Cust'amiga mia vivet pius de duamizza annos como, in d'una terra in sa cale oe sa zente s'irgonzat de esse su chi este......
Foltzis niunu si l'ada a cagare, foltzis ana a narrere chi est troppu ruzza, fea e violenta......A mie no mi nd'affuttidi unu cazzu!
Deo l'amo, goi coment'este e como, pustis de duos annos, bo las chelzo presentare......
Bandidos
„Quei rotoli! Quei maledetti rotoli! Quei nomi a cui in precedenza non avevo badato e che in quel momento, dopo un anno di terrore, di sangue, di rovinose sconfitte mi tornarono tra le mani. Fissavo la lista, le notizie ricavate dai collaboratori, che nel frattempo continuavano a sparire nel nulla, per poi essere restituiti alle famiglie a brandelli!
La osservavo con rabbia. Nomi Punici: ex ufficiali, vecchie conoscenze……..Ma anche nomi misteriosi che non riuscivo a comprendere da dove provenissero. Avevo studiato dettagliatamente ogni alleato di Hannibal, ne conoscevo lingua e usanze ma, quei nomi….
Agalbursa, Gunale, Ithokor, Comita, Baror........Mai sentiti!
Proprio come quei guerrieri che mi ero trovato di fronte nella foresta: mostri senza volto! Demoni dalla testa di bue e il corpo ricoperto da una corazza infrangibile. Spade che spezzavano i nostri gladi al solo contatto! Ma, soprattutto, quelle frecce dalla punta di roccia che esplodevano annientando qualunque uomo o oggetto intorno!
Non sapevamo nulla di quella terra, nulla…..E avevamo tentato di marciarci basandoci sulle informazioni di traditori ignoranti! Adulatori della peggior razza!

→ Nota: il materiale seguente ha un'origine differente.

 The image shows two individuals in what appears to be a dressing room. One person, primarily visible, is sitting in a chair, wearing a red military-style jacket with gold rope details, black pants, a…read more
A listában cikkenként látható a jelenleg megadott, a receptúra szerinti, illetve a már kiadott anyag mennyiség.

Mandai a chiamare l’ultimo sopravvissuto di essi, il peggiore! Pilco! Il prete! Odiavo i preti! Li odio ancora!
Entrò! Solita faccia da magnaccia, solito sorriso menzognero, solito inchino……
-Ave Generale! Servo vostro, nobile Manlio Torquato, rappresentante…..-
-Chiudi il becco, Pilco!- lo interruppi, prima che elencasse tutta la mia stirpe, gente che nemmeno io ricordavo!

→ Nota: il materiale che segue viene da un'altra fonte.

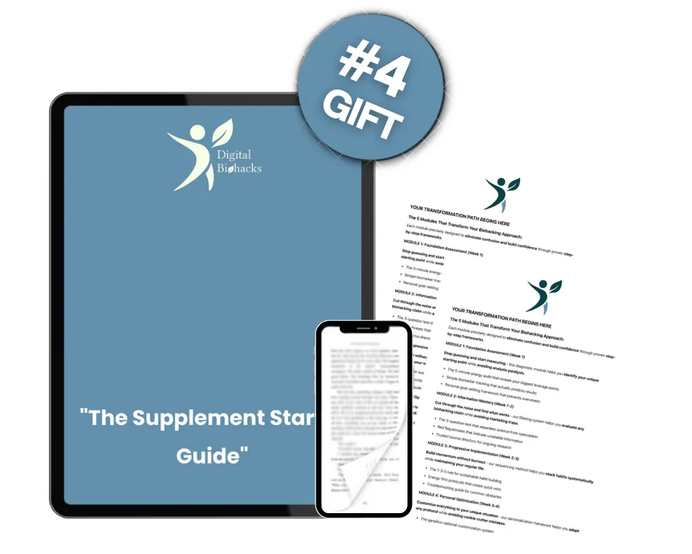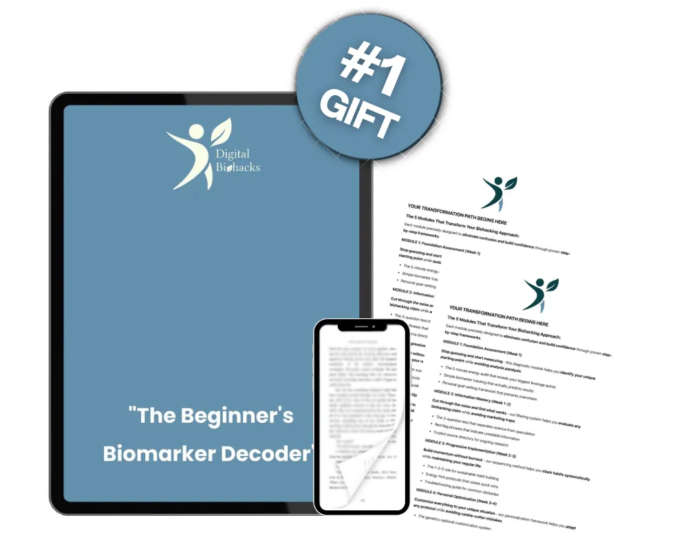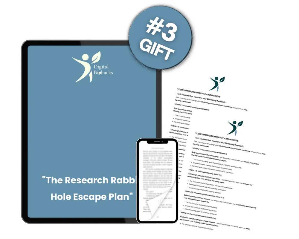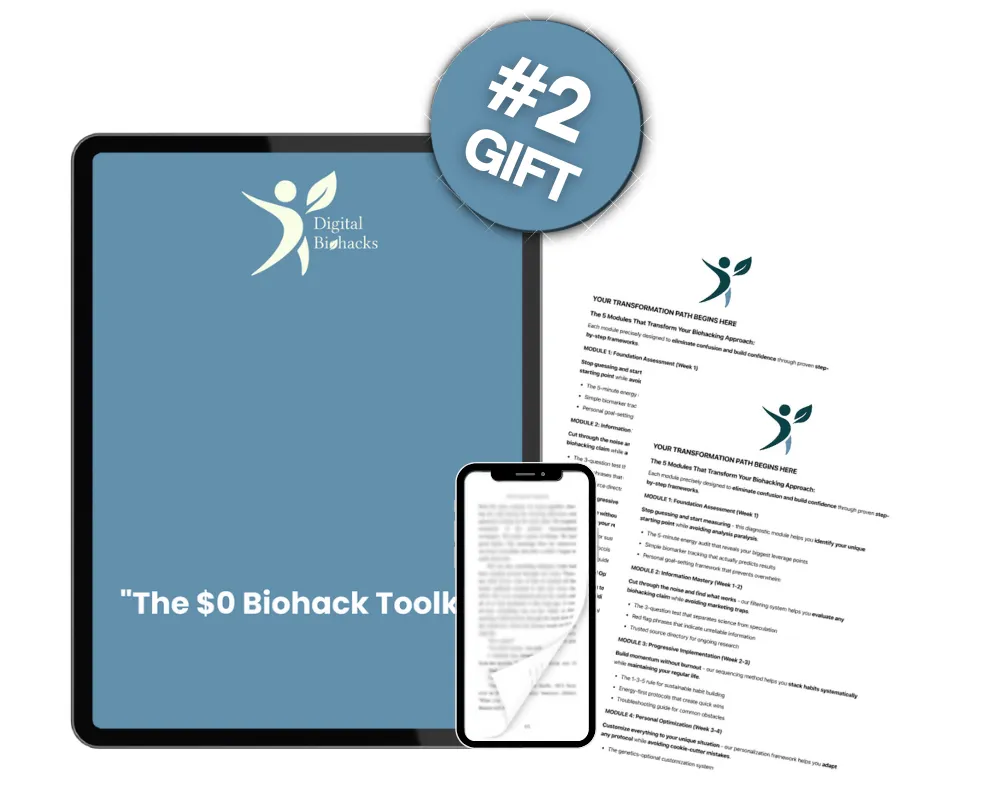 Yes! Along with the main program, you’ll receive 5 practical bonuses: a beginner’s biomarker decoder, a $0 biohack toolkit, the research rabbit hole escape plan, a supplement starter guide, and a 30-day quick-start checklist

-Pilco, tu sai quanto mi diano ai nervi le balle!! Ho pensato di avertelo chiarito sin dall’inizio!-
-Si mio Signore!-
Non guardava negli occhi. Mai! Sempre testa china, sorriso e mani conserte sotto la bianca veste. Odio chi non mi guarda in faccia quando parla!
-Le tue informazioni erano chiare: nemico allo sbando, ufficiali in fuga o prigionieri, una marcia all’interno che non sarebbe stata di alcuna difficoltà! Hai detto questo, Pilco?-
-Si, mio Signore, queste erano state le mie parole!-
-E allora come spieghi le migliaia di perdite intorno a quel cazzo di Baromani, Barumeni, Bar….Come si chiama??-
-Baromene, Signore……È il Quartier Generale dei ribelli!-
-Non chiamarli ribelli, idiota!! Ti proibisco di chiamarli ribelli!!!! È un’Armata, Pilco, è l’intero esercito di Hannibal rinato e riorganizzato….. Baromene! Tu sai che ci abbiamo girato intorno per mesi senza mai vederla?? Tu sai quanti ragazzi ho perso in quell’Averno??-
-No Sign….Ehm, si certo, Reverendissimum! Più di un migliaio?-
-Duemilaottocento…..Verme schifoso! Senza contare i mutilati, gli accecati, quelli che sono tornati a Roma e dopo un mese si sono uccisi con le proprie mani! Legionari…..Pilco……Gente addestrata a tutto, gente che combatte da anni!! Impazziti, folli, fuori di testa che non riconoscono più nemmeno la propria madre!!!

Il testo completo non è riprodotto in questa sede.